REIT is a company dedicated to owning and, in most cases, operating income-producing real estate, such as apartments, shopping centers, offices and warehouses. Just like gold that can be bought and sold as a mutual fund, REIT would channelise equity funding in the real estate sector. Once REITs are allowed in the Indian market, they would become a medium of convenient investment for developers and small investors intending to invest in real estate. A REIT is a company that buys, develops, manages and sells real estate assets and allows participants to
invest in a professionally managed portfolio of properties. Some REITs also are engaged in financing real estate. REITs are pass-through entities or companies that are able to distribute the majority of income cash flows to investors, without taxation, at the corporate level. The main purpose is to pass the profits to the investors,
The advantages
There are many distinct advantages of investing in real estate via the REIT route. First, the returns are passed on to the investor with transparency of transaction and regularity, as opposed to direct investment, where a builder may or may not pass the returns on to the investor or delay the procedure for various reasons. These could be for purposes of maintaining liquidity or siphoning the funds to other on going project.

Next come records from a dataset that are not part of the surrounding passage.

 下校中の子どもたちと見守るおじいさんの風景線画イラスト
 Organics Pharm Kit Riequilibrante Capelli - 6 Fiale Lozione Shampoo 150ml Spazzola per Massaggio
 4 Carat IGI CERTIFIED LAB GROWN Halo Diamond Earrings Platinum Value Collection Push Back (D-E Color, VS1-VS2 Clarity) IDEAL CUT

Second, it takes the cumbersome effort out of investing in a large diversified real estate portfolio, with the right product mix, that ensures greater returns.

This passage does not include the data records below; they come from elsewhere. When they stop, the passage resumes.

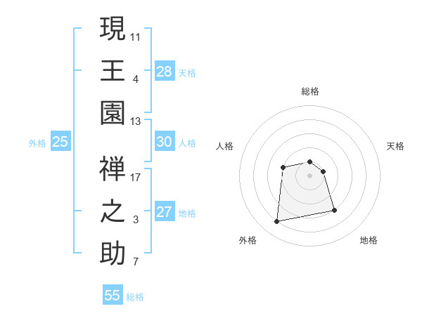 現王園 禅之助さんを姓名の画数から五運を鑑定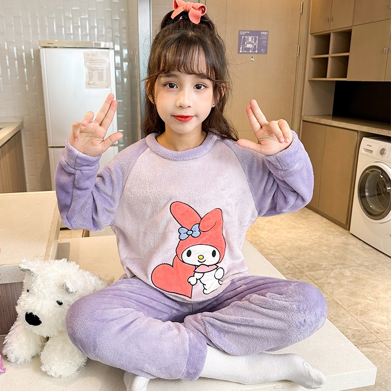 Kuromi Winter Children Pajamas Kid Conjunto De Roupa De Dormir Espessa Adolescentes Meninas Flanela Manga Longa + Calças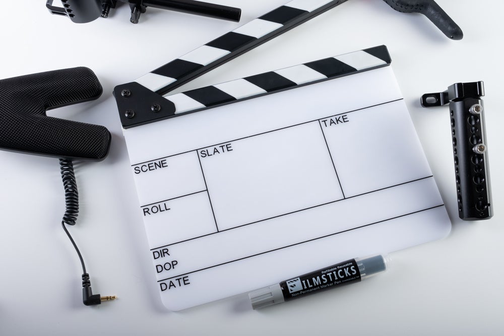 ブランドを代表するアイテムである「クラッパースティック」は、従来の木製タイプよりも防水性と丈夫さに優れたABS樹脂を採用し、軽量ながら頑丈で、数々の映画制作現場で活躍しています。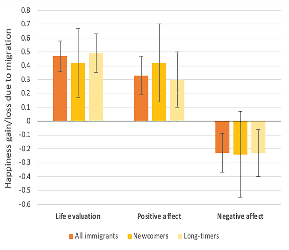 Comparando al migrante con migrantes potenciales con las mismas características de su país de origen usando los datos Gallup World Poll, es estimado que migrantes los a nivel mundial evalúan la calidad de sus vidas en promedio un 9% más positivo después de la migración. También experimentan aproximadamente un 5% de emociones más positivas y un 7% menos de emociones negativas debido a la migración. La mayoría de estas ganancias de felicidad se experimentan dentro de los primeros cinco años después de la migración. Las familias que quedan atrás generalmente evalúan sus vidas de manera más positiva, pero con frecuencia experimentan más emociones negativas.

Third, the investor need not worry about his/her lack of local property knowledge and can invest in real estate, across cities.

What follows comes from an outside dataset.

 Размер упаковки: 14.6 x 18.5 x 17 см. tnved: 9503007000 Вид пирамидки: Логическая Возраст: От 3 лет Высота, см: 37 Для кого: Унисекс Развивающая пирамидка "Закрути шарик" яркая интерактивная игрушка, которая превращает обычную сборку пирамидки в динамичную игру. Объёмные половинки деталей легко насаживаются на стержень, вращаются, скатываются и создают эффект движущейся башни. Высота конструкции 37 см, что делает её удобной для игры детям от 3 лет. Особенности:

Fourth, with this corporate avatar of real estate investment, the foreign investors fears of investing in an alien unorganized market will be allayed.
Fifth, the advent of the REIT will also help reduce the volatility of the market in general.
And lastly, they are relatively high yielding when compared to other forms of real estate investment.
How it works
In America, REITS have been a principle player for investments into real estate and gives common investors the opportunity to invest. In India, if you want to invest Rs. 1.000 to Rs. 10,000 today, you cannot invest in real estate but in shares or in mutual funds. The idea of forming REITs in India is to bring this kind of retail investor money to come into real estate. But these REITs need to be professionally managed and help bring liquidity into the sector. REITs will do very well because of the fact that a lot of capital is required in real estate and affiliated infrastructure. The government has been very cautious on giving permission on this but for a few institutions like ICICI Ventures Real Estate Fund and HDFC Realty Fund. But the initial cap for investment is quite high (generally meant for large size investors). With ICICI Ventures Rs. 5,000 crores can be invested in the Indian real estate sector. HBFC (80 per cent) in collaboration with SBI (20 per cent) has launched HDFC Venture Capital Ltd. These funds will be invested in debt and equity instruments of real estate firms. The launch of venture capitals in India is due to the changed norms for venture capital investments in the country. The Securities and Exchange Bank of India recently removed real estate from the list of sectors where venture funds were not allowed to invest. The
minimum investment limit is five crore rupees with a lock in period of seven years. No exit will be allowed in these seven years. Since the government has allowed Foreign Direct Investment in real estate more capital funds are expected to come up.